More than half of US adults used the Web to engage in the US presidential election and supporters of Barack Obama were considerably more active online than those of John McCain, according to a study released on Wednesday.
"The 2008 election was the first in which more than half the voting-age population used the Internet for political purposes," said the Pew Research Center's Internet and American Life Project, which conducted the study.
Fifty-five percent of all voting-age US adults -- and 74 percent of all Internet users -- said they went online for news and information about the election or to communicate with others about the race, the study found.
The percentage of Americans relying on the Web as a major source of campaign news more than doubled over the 2000 election -- from 11 percent to 26 percent, Pew said.
Social networking sites like Facebook and MySpace and video-sharing sites like YouTube played a key role, it said, as voters went online to share their views and try to mobilize others to their cause.
"Voters in 2008 were not just passive followers of the political process," said Aaron Smith, a research specialist at Pew and author of the report.
"They used a wide range of digital tools and technologies to get involved in the race, to harness their creativity in support of their chosen candidate, and to join forces with others who shared their same political goals."

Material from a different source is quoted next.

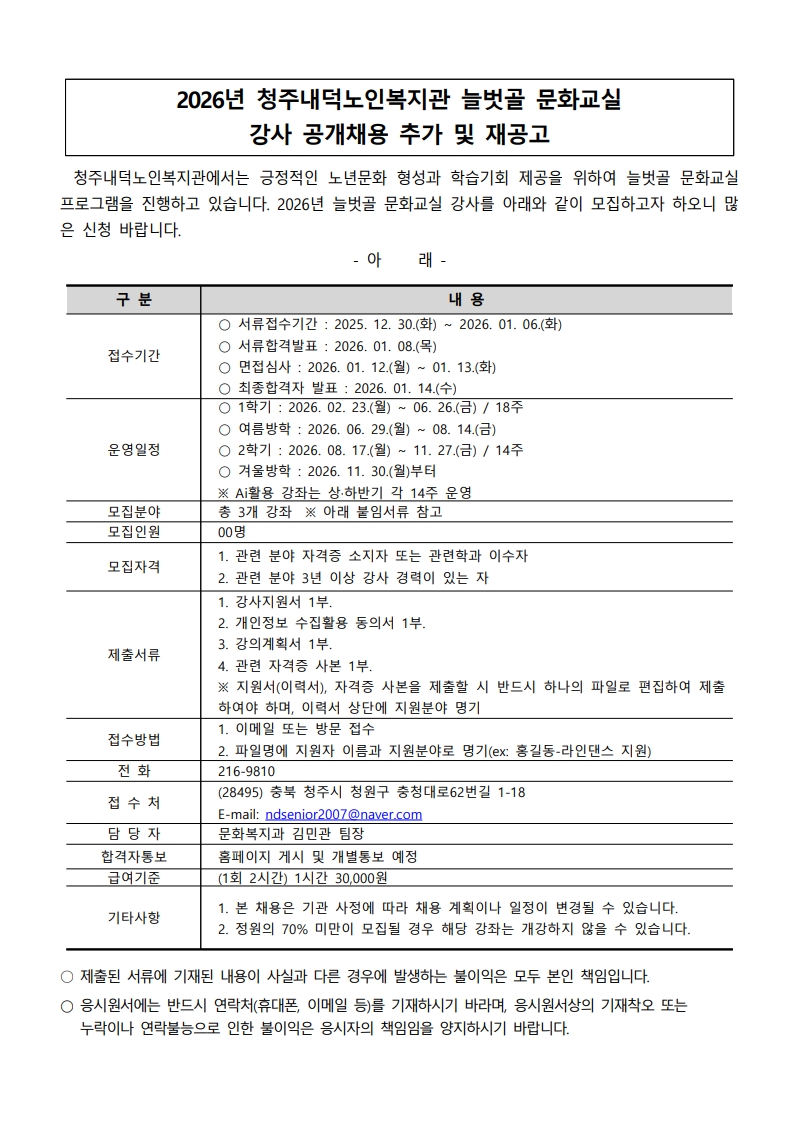| 2026년 늘벗골 문화교실 강사 채용 모집 추가 및 재공고 | |||

While more Americans went online for political purposes than ever before, supporters of Democratic candidate Obama were more active on the Internet than those of his Republican rival McCain, the study found.

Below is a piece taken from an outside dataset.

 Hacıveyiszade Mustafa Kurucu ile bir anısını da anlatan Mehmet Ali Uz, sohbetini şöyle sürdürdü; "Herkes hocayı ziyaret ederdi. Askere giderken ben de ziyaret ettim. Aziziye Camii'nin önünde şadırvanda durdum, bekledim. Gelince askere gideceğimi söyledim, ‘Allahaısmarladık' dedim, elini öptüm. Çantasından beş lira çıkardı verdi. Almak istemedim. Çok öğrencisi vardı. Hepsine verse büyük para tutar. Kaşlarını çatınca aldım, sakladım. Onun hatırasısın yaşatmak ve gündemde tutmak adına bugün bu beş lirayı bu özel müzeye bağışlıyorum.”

Twenty percent of Obama supporters shared political content online, compared with 16 percent of McCain backers, and 18 percent of Obama partisans signed up to receive automatic updates about the election compared with nine percent of McCain supporters.
Obama supporters were much more likely to contribute money online, with 15 percent of Obama supporters saying they did so compared with only six percent of McCain backers.
"The 2008 elections saw the role of the Internet in politics increase and it witnessed the emergence of a unique group of online political activists," said Smith.
"Compared with other Internet users, these individuals delve more deeply into the political news of the day, and take part in a much wider range of online political activities."
The study was based on a survey of 2,254 adults conducted between November 20 and December 4. It has a margin of error of plus or minus two percentage points.